WORK REQUEST
Look in the data below for the line that has "Effortless comfort meets", then print exactly every line from there through the line that has "经中国保险监督管理委员会浙江", leaving pictures out.

TASK INPUT: Begin

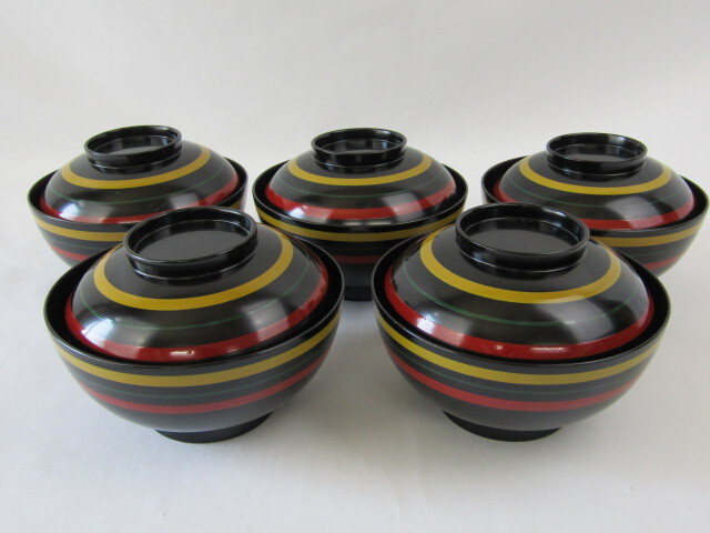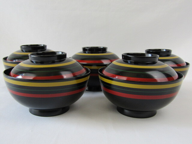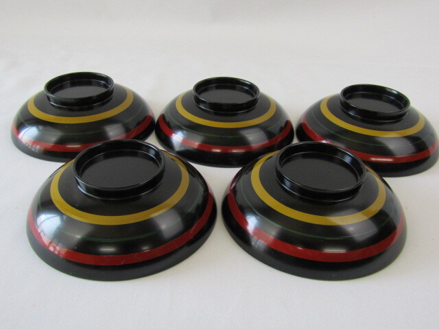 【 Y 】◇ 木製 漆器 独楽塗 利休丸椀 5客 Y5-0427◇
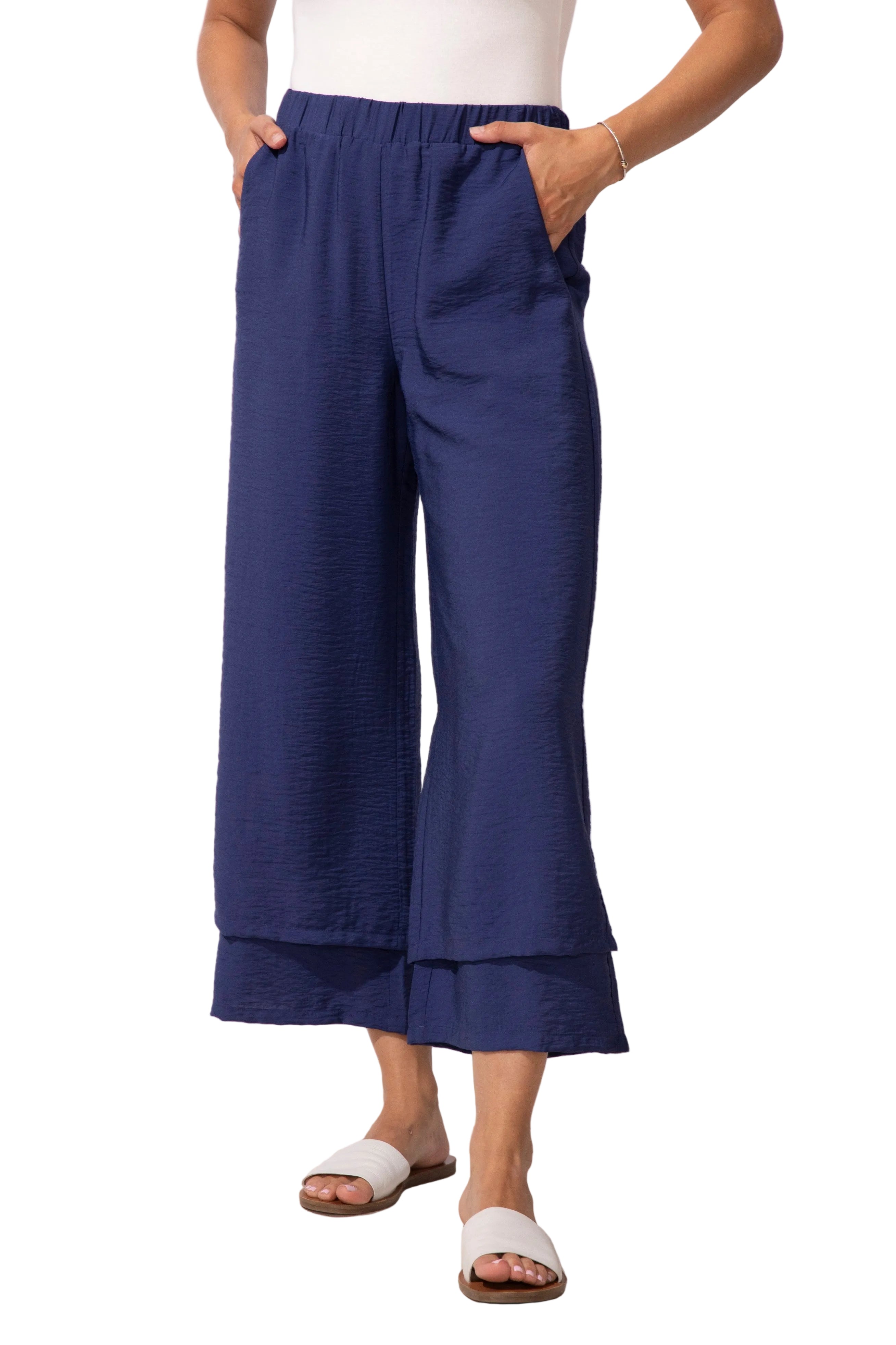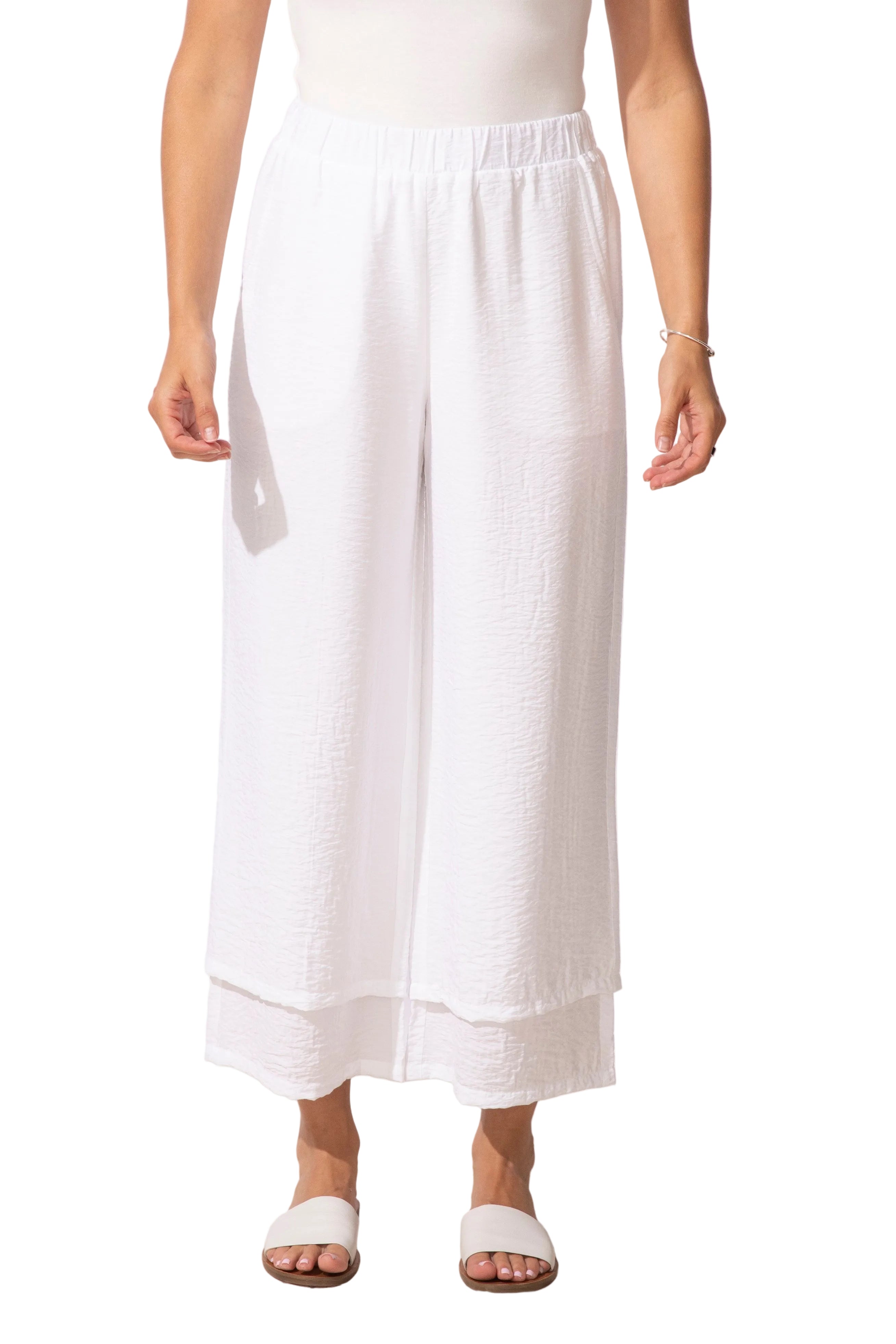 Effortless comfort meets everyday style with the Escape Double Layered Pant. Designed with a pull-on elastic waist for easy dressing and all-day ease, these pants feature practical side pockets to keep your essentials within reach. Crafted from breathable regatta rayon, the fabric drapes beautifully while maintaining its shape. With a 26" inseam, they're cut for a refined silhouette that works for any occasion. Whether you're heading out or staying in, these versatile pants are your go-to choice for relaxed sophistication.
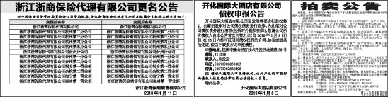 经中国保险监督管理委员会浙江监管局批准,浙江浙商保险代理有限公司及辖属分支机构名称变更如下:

TASK INPUT: End
TASK INPUT: Begin

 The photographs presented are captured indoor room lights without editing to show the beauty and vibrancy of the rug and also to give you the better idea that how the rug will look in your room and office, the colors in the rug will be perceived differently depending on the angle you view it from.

TASK INPUT: End

SOLVED PROBLEM
 Effortless comfort meets everyday style with the Escape Double Layered Pant. Designed with a pull-on elastic waist for easy dressing and all-day ease, these pants feature practical side pockets to keep your essentials within reach. Crafted from breathable regatta rayon, the fabric drapes beautifully while maintaining its shape. With a 26" inseam, they're cut for a refined silhouette that works for any occasion. Whether you're heading out or staying in, these versatile pants are your go-to choice for relaxed sophistication.
 经中国保险监督管理委员会浙江监管局批准,浙江浙商保险代理有限公司及辖属分支机构名称变更如下:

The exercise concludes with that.